Records excerpted from a collection:

☆ ☆ ☆ ☆

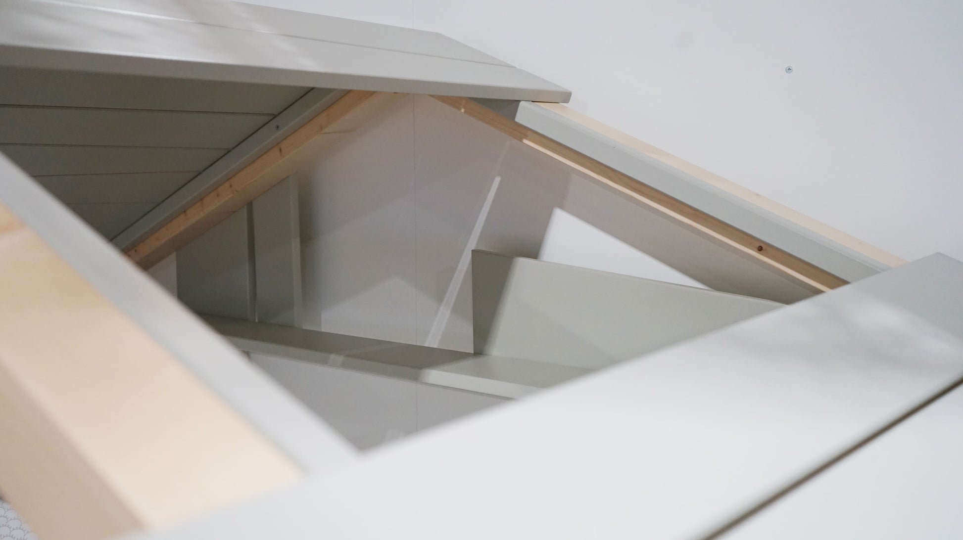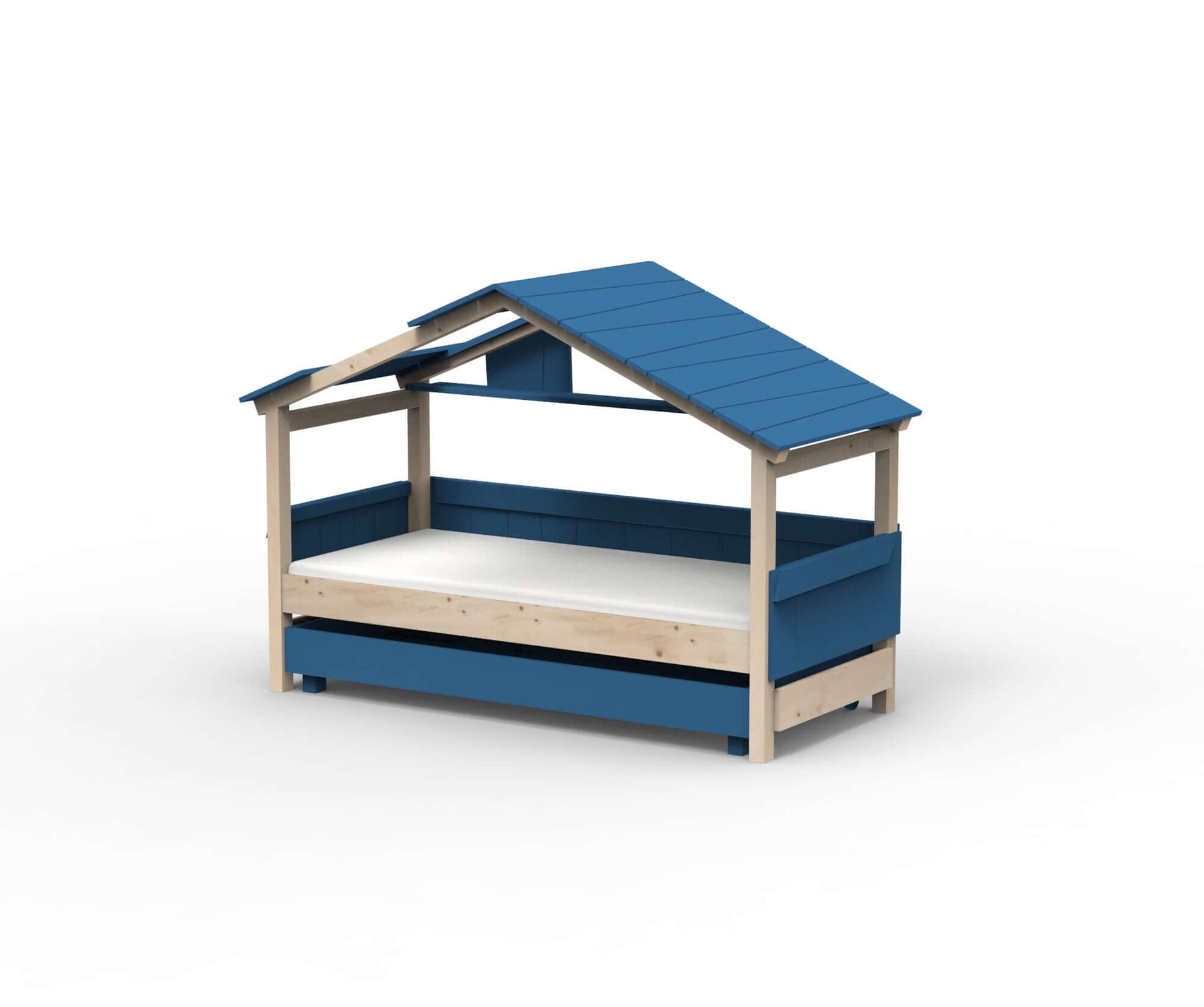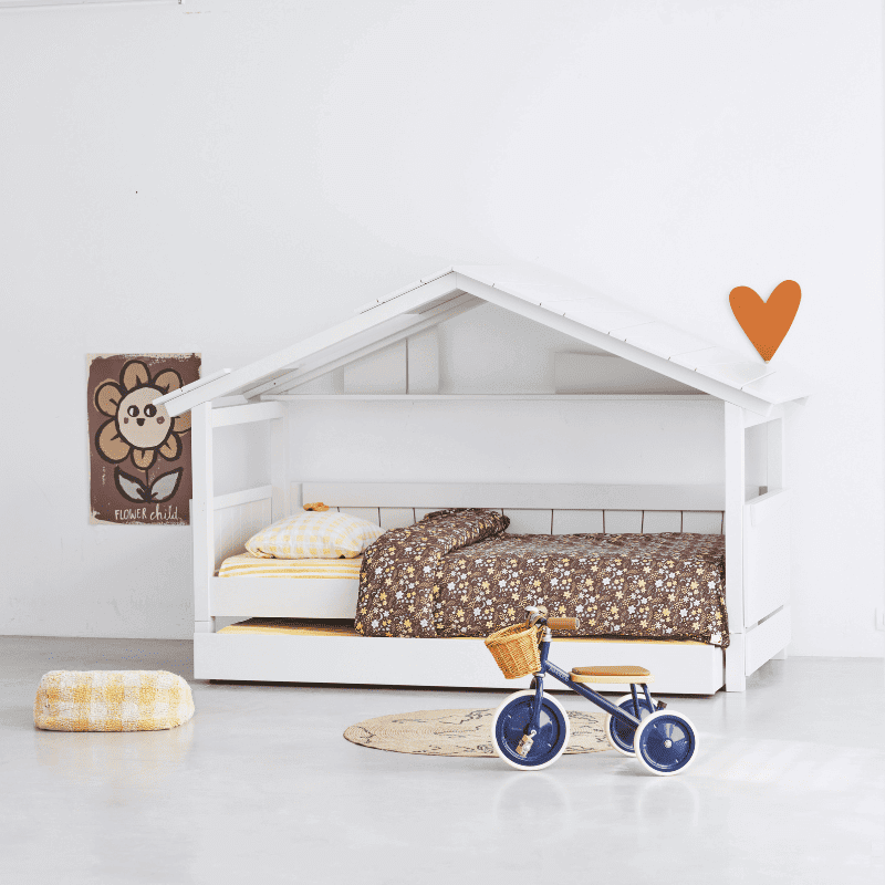Ob zum Träumen, für spannende Bilderbuchreisen oder als Bühne für Rollenspiele – das Starlight Hausbett passt sich mühelos den Bedürfnissen deines Kindes an und wird schnell zum Lieblingsort im Kinderzimmer. Ein kleines Regal oben im Dach bietet Platz für kleine Bücher, oder Kuscheltiere.
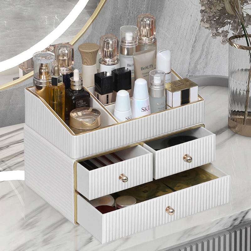MAVOBO Boîte de Rangement de Maquillage et Cosmétiques de Luxe en Cuir pour Bureau, Organisateur à Tiroirs Exquis et Luxueux
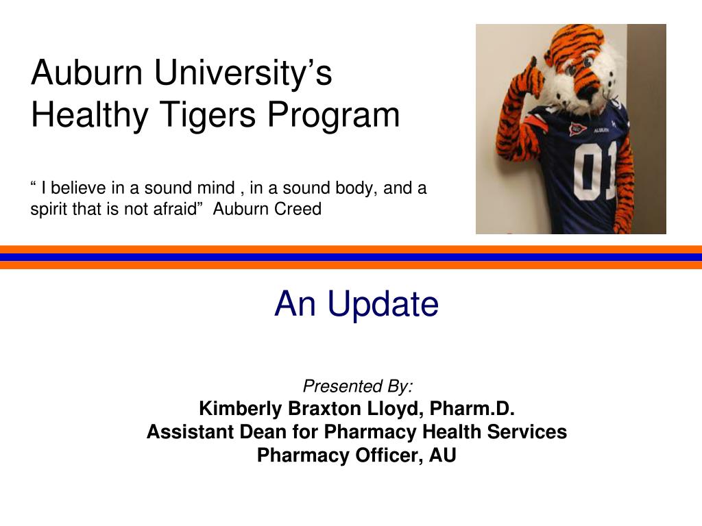 Auburn University ’ s Healthy Tigers Program “ I believe in a sound mind , in a sound body, and a spirit that is not afraid ” Auburn Creed. An Update Presented By: Kimberly Braxton Lloyd, Pharm.D . Assistant Dean for Pharmacy Health Services Pharmacy Officer, AU.
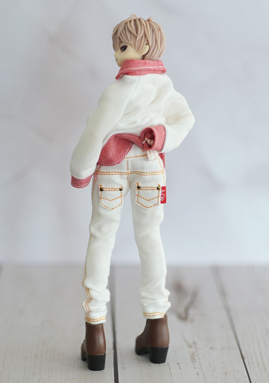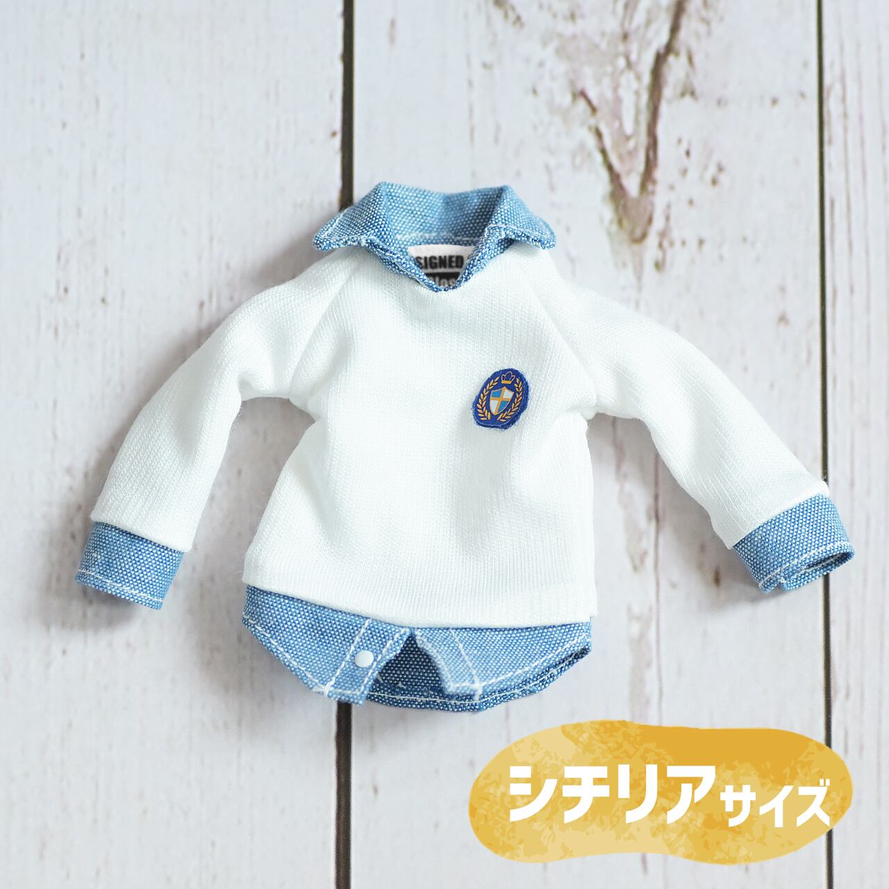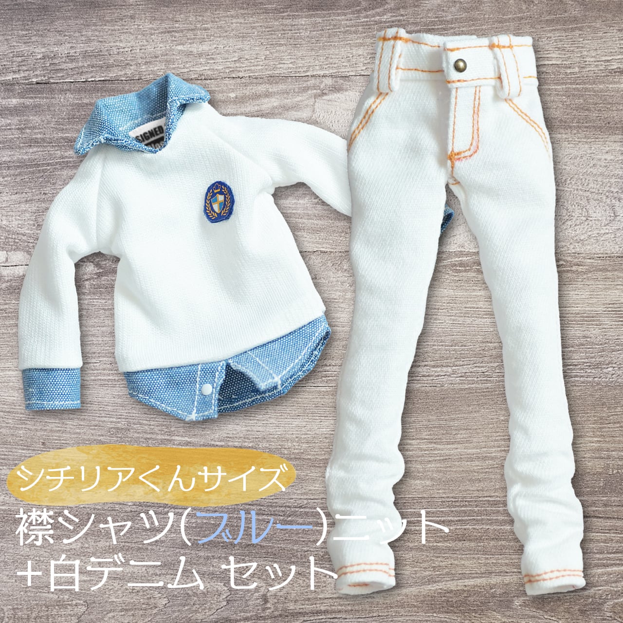 【シチリアくんサイズ】襟シャツ(ブルー)ニット+白デニムセット【1/8ボディ専用】
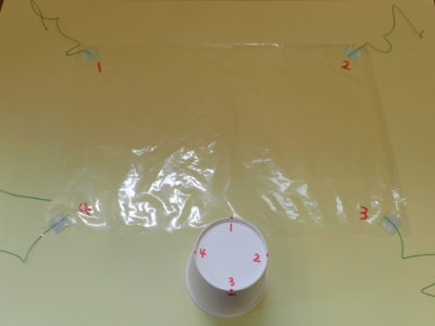 ②ビニールぶくろを裏返し、糸を紙コップの4か所にはります。糸がからまないように気をつけてね。
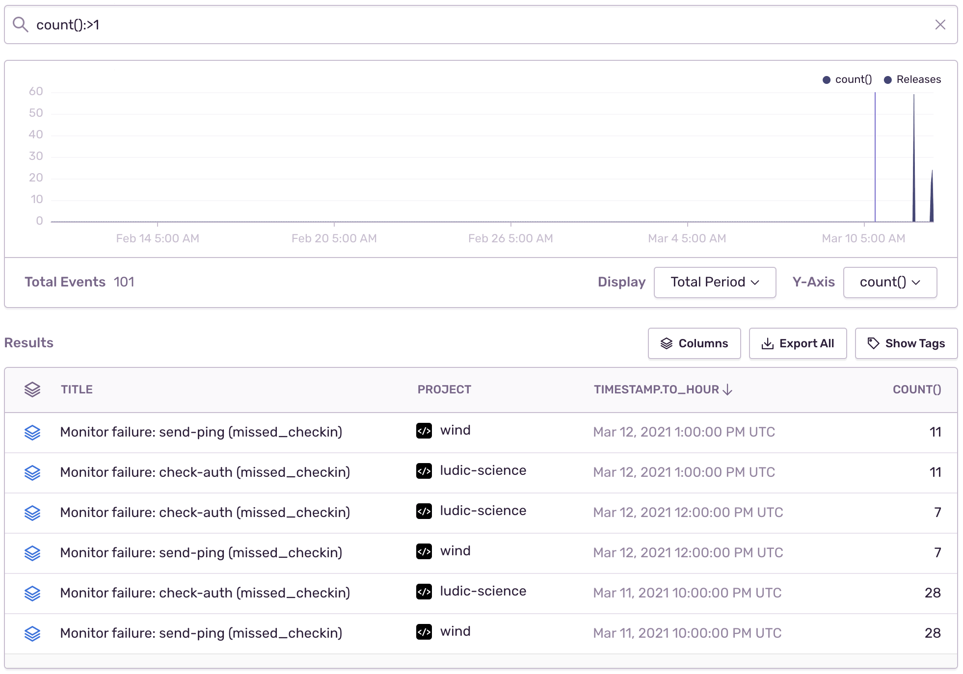 4. Edit the "Results" table columns to show the number of events [count()], impacted users [count_unique(user)], and unique issues [count_unique(issue)] per project.
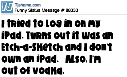 X I tried to log in on my iPad. Turns out it was an Etch-a-Sketch and I don't own an iPad. Also, I'm out of vodka.

☆ ☆ ☆ ☆

▸ Directions: Copy every line of the records exactly as it is written, but not the pictures.

▸ Answer box:
Ob zum Träumen, für spannende Bilderbuchreisen oder als Bühne für Rollenspiele – das Starlight Hausbett passt sich mühelos den Bedürfnissen deines Kindes an und wird schnell zum Lieblingsort im Kinderzimmer. Ein kleines Regal oben im Dach bietet Platz für kleine Bücher, oder Kuscheltiere.
MAVOBO Boîte de Rangement de Maquillage et Cosmétiques de Luxe en Cuir pour Bureau, Organisateur à Tiroirs Exquis et Luxueux
 Auburn University ’ s Healthy Tigers Program “ I believe in a sound mind , in a sound body, and a spirit that is not afraid ” Auburn Creed. An Update Presented By: Kimberly Braxton Lloyd, Pharm.D . Assistant Dean for Pharmacy Health Services Pharmacy Officer, AU.
 【シチリアくんサイズ】襟シャツ(ブルー)ニット+白デニムセット【1/8ボディ専用】
 ②ビニールぶくろを裏返し、糸を紙コップの4か所にはります。糸がからまないように気をつけてね。
 4. Edit the "Results" table columns to show the number of events [count()], impacted users [count_unique(user)], and unique issues [count_unique(issue)] per project.
 X I tried to log in on my iPad. Turns out it was an Etch-a-Sketch and I don't own an iPad. Also, I'm out of vodka.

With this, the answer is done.